O parto há alguns anos atrás era considerado como um acontecimento de mulheres e para mulheres. As mulheres tinham os seus filhos em casa, rodeadas das mães e/ou irmãs e outras mulheres que lhes prestavam o apoio emocional e físico, parteiras ou “curiosas” . Normalmente as “curiosas” eram mães de muitos filhos que apoiavam as parturientes a fazer nascer os seus bebés. Assim era no tempo de minha avó. Ela teve os filhos, todos em casa e todos foram amamentados até aos 2-3 anos. Nunca teve dúvidas se conseguiria ou não parir, se conseguiria ou não amamentar os seus filhos. Tinha um profundo conhecimento da sua sabedoria interior, conhecia a capacidade inata do seu corpo para a tarefa da maternidade. Entrou em trabalho de parto naturalmente, os trabalhos de parto e partos decorreram sempre sem pressas, sem adição de quaisquer agentes externos no seu corpo, tudo decorreu a seu tempo e ao sabor da vontade do corpo dela e do corpo dos seus bebés.

A transferência dos partos de casa para o hospital fez com que este cenário passasse a ser vivido apenas por uma pequena percentagem de mulheres. Para a grande maioria das mulheres o parto é visto como algo a suportar para “merecer” o prémio final que é ter um filho.
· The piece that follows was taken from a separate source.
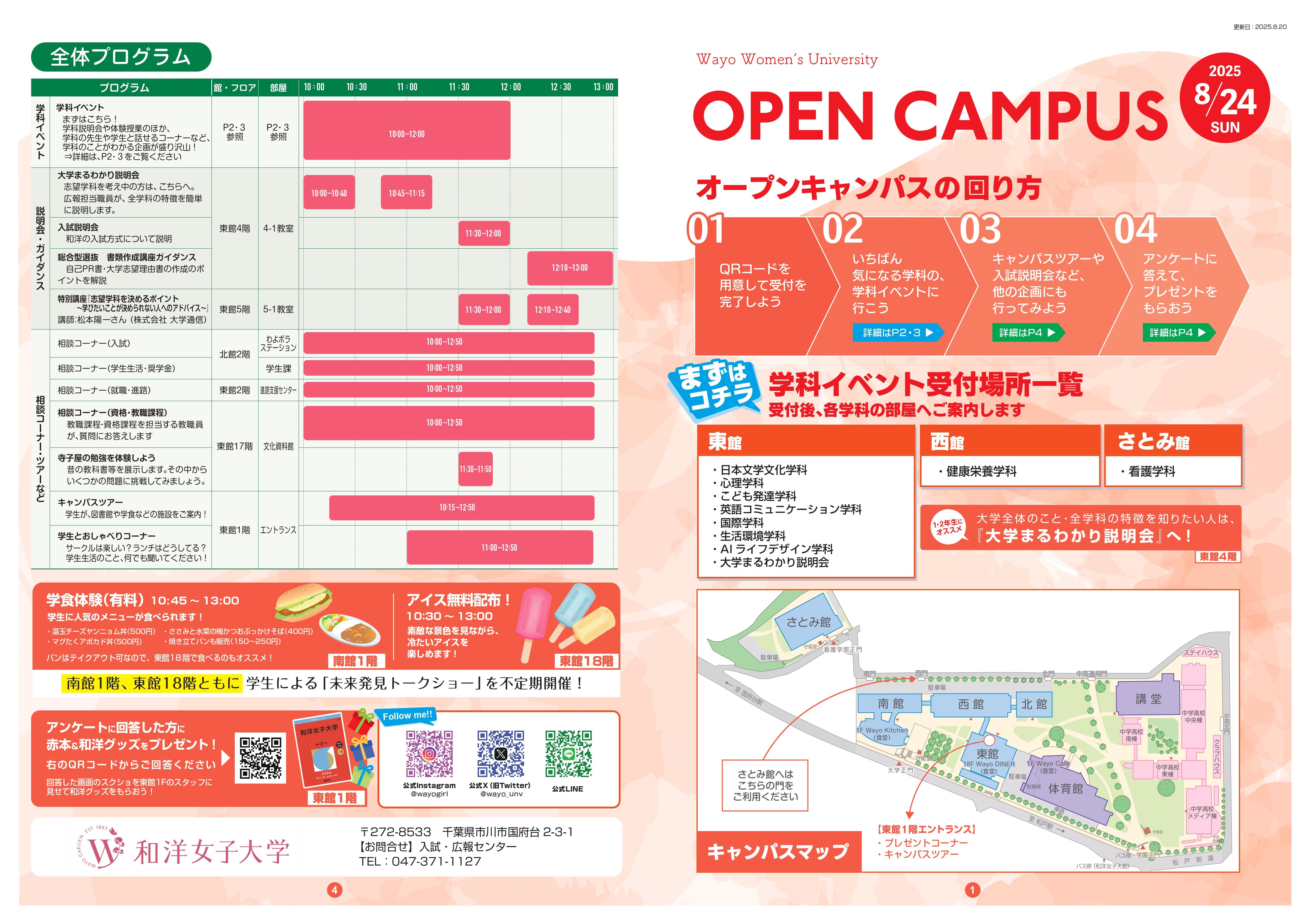 他にも、キャンパス見学ツアーや教員・学生と話せるコーナー、総合型選抜の書類作成講座や入試の専門スタッフに相談できる入試相談コーナーなど、たくさんの企画を用意してお待ちしています! 当日のプログラム詳細は、順次、ホームページで公開します。お楽しみに!
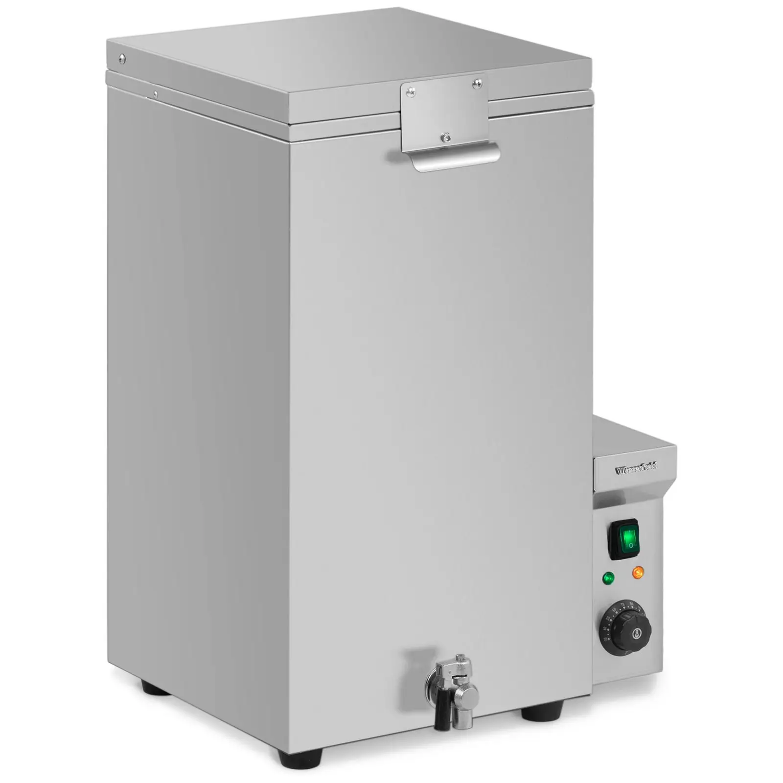 Sunt foarte mulțumit de noul meu cazan de 70 de litri. Deja la livrare am fost placut surprins. Cada era bine ambalată și chiar și un cadru de lemn în jurul cutiei pentru protecție suplimentară. Cada este de bună calitate și este chiar izolată, ceea ce nu apucasem să citesc în descriere - o altă surpriză pozitivă. Am sacrificat și opărit 25 de pui în serie de 4. și aici încălzitorul a putut să țină pasul și să mențină apa la temperatura setată. Cada era ușor de curățat.

A sociedade moderna tratou de entranhar na mente da mulher que ela não é capaz de parir sozinha uma vez que o seu corpo não é perfeito e como tal deve submeter-se às rotinas hospitalares que, salvo raríssimas excepções, não trazem mais-valias para ela ou para o seu bebé, rotinas essas em que os profissionais de saúde acreditam profundamente para o parto ter um final feliz.

A sociedade tratou de afastar as mulheres da sua sabedoria interior. Os cenários de partos em intimidade e privacidade foram substituídos por salas estéreis e frias e por vozes de comando sobre o que a mulher deve ou não pode fazer durante o seu trabalho de parto e parto. O suporte emocional passou a ser quase inexistente com a transferência dos partos de casa para os hospitais.

Na década de 1970, John Kennell e Marshall Klauss realizaram um estudo em que provaram, através de seis experiências clínicas controladas, que a presença de uma pessoa de apoio ao parto, do sexo feminino, encurta o tempo do primeiro parto numa média de duas horas, diminui a hipótese de cesariana em 50 por cento, parto com fórceps em 40 por cento, diminui a necessidade de medicação para as dores e anestesia epidural em 60 por cento, ajuda o pai a participar com confiança e aumenta o sucesso na amamentação. [1] [3] [4]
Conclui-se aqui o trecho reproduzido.